GIVEN DATA
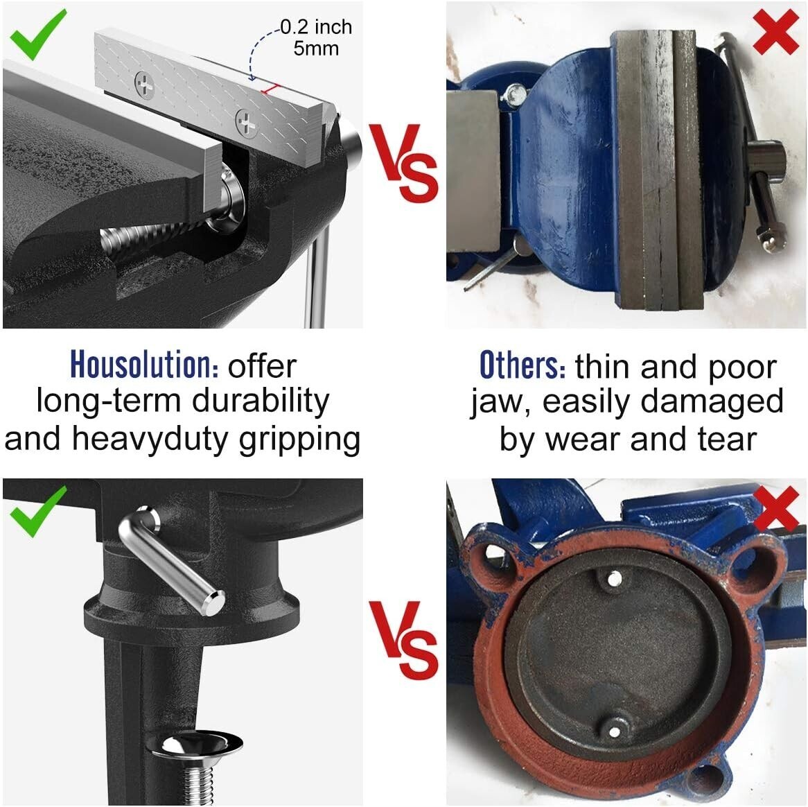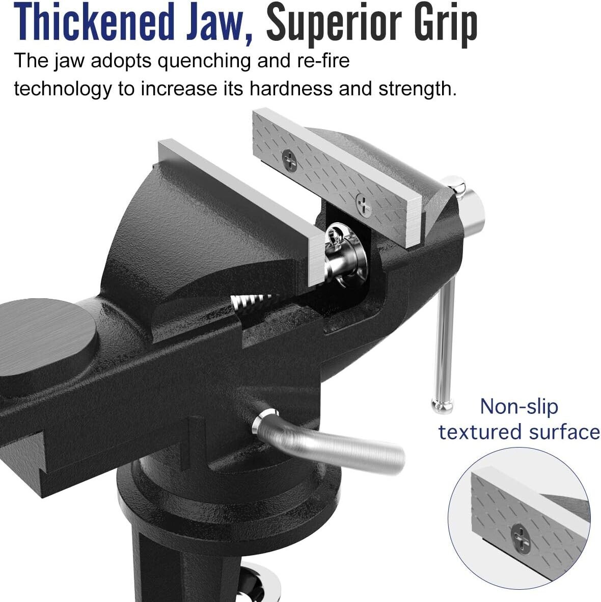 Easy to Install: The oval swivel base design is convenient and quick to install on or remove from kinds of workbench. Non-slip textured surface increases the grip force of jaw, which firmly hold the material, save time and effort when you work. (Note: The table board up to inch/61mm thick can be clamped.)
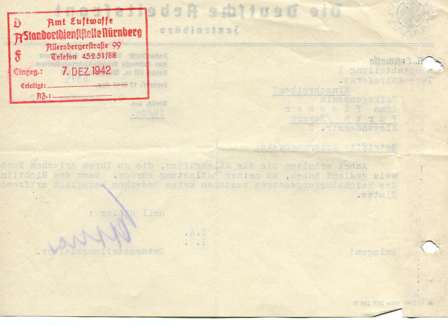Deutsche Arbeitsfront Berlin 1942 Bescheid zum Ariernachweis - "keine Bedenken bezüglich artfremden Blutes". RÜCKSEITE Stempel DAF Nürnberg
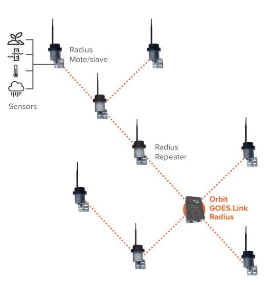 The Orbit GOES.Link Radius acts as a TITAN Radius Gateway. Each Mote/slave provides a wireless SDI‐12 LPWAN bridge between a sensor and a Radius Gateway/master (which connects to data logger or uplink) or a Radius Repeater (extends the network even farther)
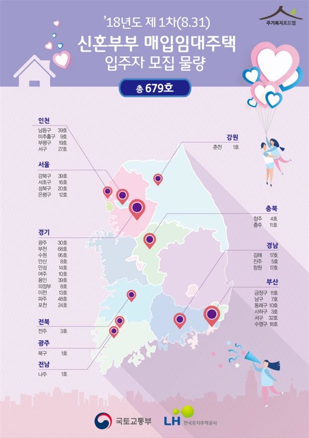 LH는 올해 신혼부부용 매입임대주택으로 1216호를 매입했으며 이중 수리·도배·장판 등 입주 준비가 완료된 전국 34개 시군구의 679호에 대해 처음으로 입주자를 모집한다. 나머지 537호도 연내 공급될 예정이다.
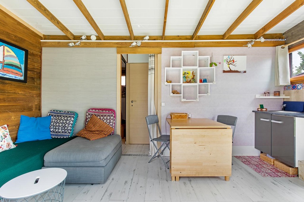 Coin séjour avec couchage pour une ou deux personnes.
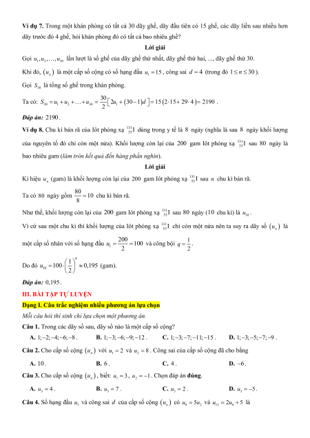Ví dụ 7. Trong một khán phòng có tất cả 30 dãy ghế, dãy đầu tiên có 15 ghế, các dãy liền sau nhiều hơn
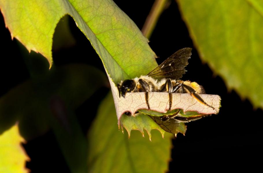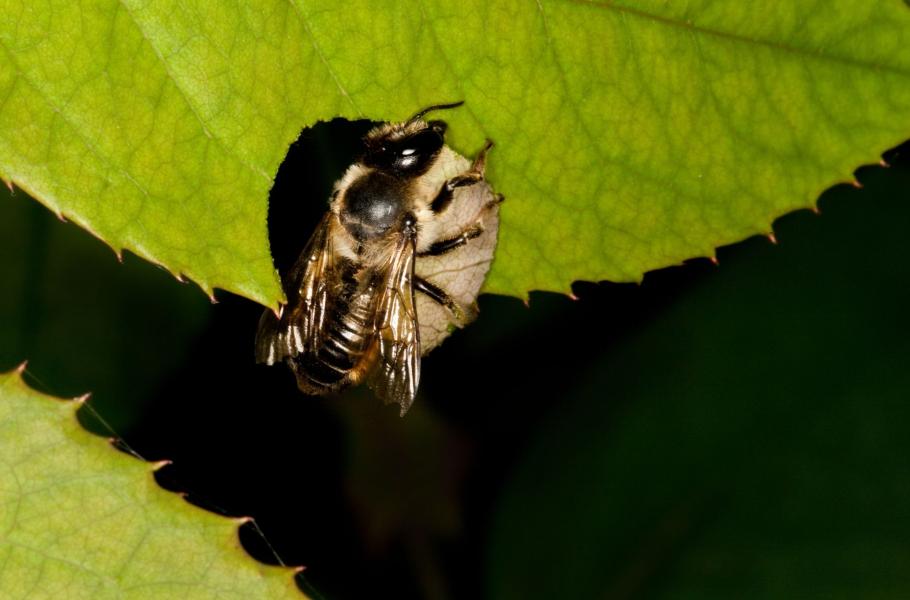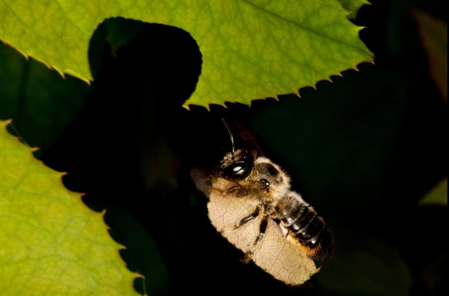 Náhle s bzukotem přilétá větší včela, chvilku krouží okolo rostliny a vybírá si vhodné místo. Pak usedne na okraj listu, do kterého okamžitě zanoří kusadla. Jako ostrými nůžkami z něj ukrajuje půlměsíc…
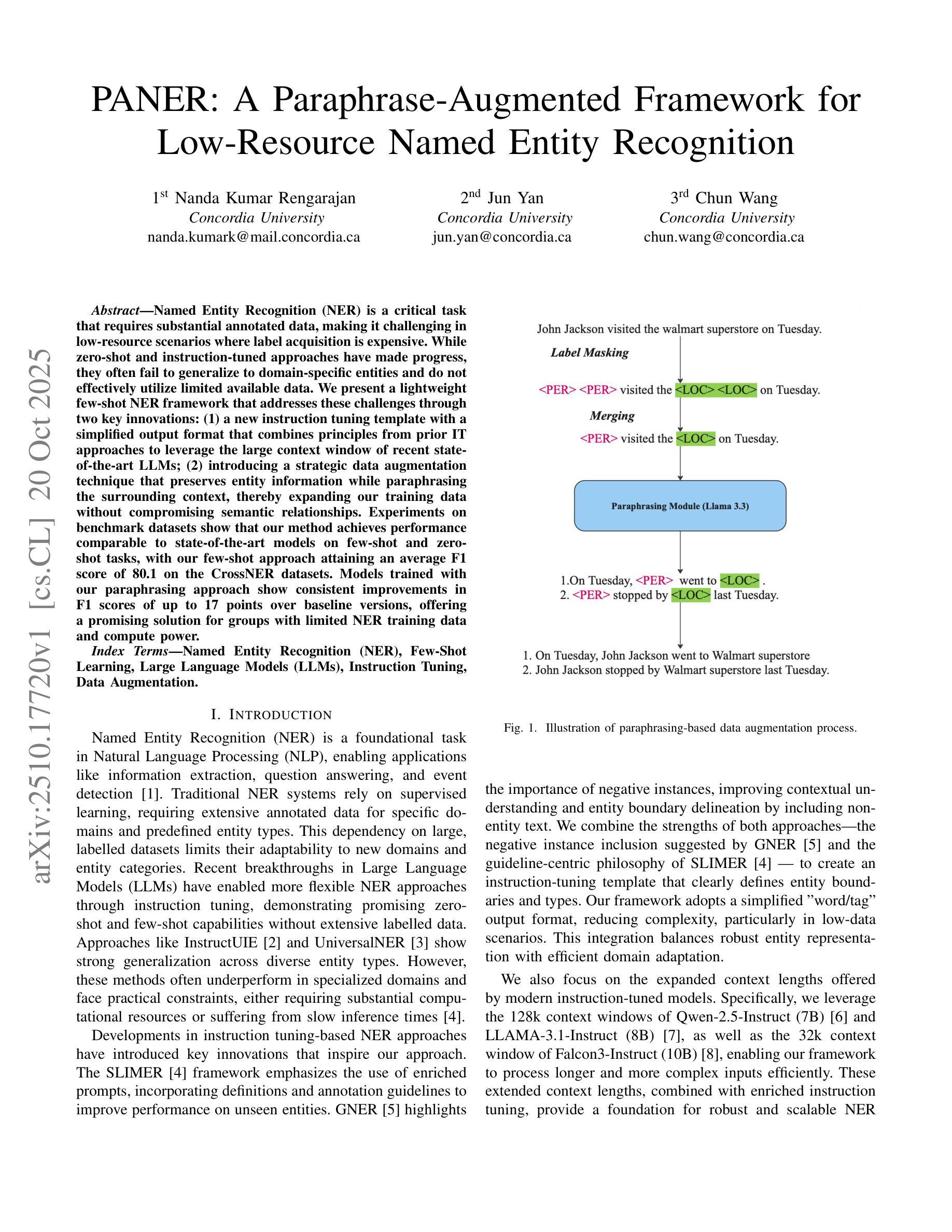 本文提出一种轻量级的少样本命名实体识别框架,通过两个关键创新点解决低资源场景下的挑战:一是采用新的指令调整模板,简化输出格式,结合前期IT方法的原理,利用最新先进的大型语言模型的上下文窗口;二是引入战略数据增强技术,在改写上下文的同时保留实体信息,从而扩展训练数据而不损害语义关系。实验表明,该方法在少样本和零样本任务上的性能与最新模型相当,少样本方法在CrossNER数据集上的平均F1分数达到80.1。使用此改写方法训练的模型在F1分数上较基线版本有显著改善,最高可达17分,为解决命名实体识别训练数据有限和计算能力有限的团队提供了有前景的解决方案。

WHAT THE TASK ASKS
Take the lines from the one holding "Náhle s bzukotem" through the last line of the data above and copy them exactly, both ends included, omitting all pictures.

ANSWER FOR THIS EXERCISE
 Náhle s bzukotem přilétá větší včela, chvilku krouží okolo rostliny a vybírá si vhodné místo. Pak usedne na okraj listu, do kterého okamžitě zanoří kusadla. Jako ostrými nůžkami z něj ukrajuje půlměsíc…
 本文提出一种轻量级的少样本命名实体识别框架,通过两个关键创新点解决低资源场景下的挑战:一是采用新的指令调整模板,简化输出格式,结合前期IT方法的原理,利用最新先进的大型语言模型的上下文窗口;二是引入战略数据增强技术,在改写上下文的同时保留实体信息,从而扩展训练数据而不损害语义关系。实验表明,该方法在少样本和零样本任务上的性能与最新模型相当,少样本方法在CrossNER数据集上的平均F1分数达到80.1。使用此改写方法训练的模型在F1分数上较基线版本有显著改善,最高可达17分,为解决命名实体识别训练数据有限和计算能力有限的团队提供了有前景的解决方案。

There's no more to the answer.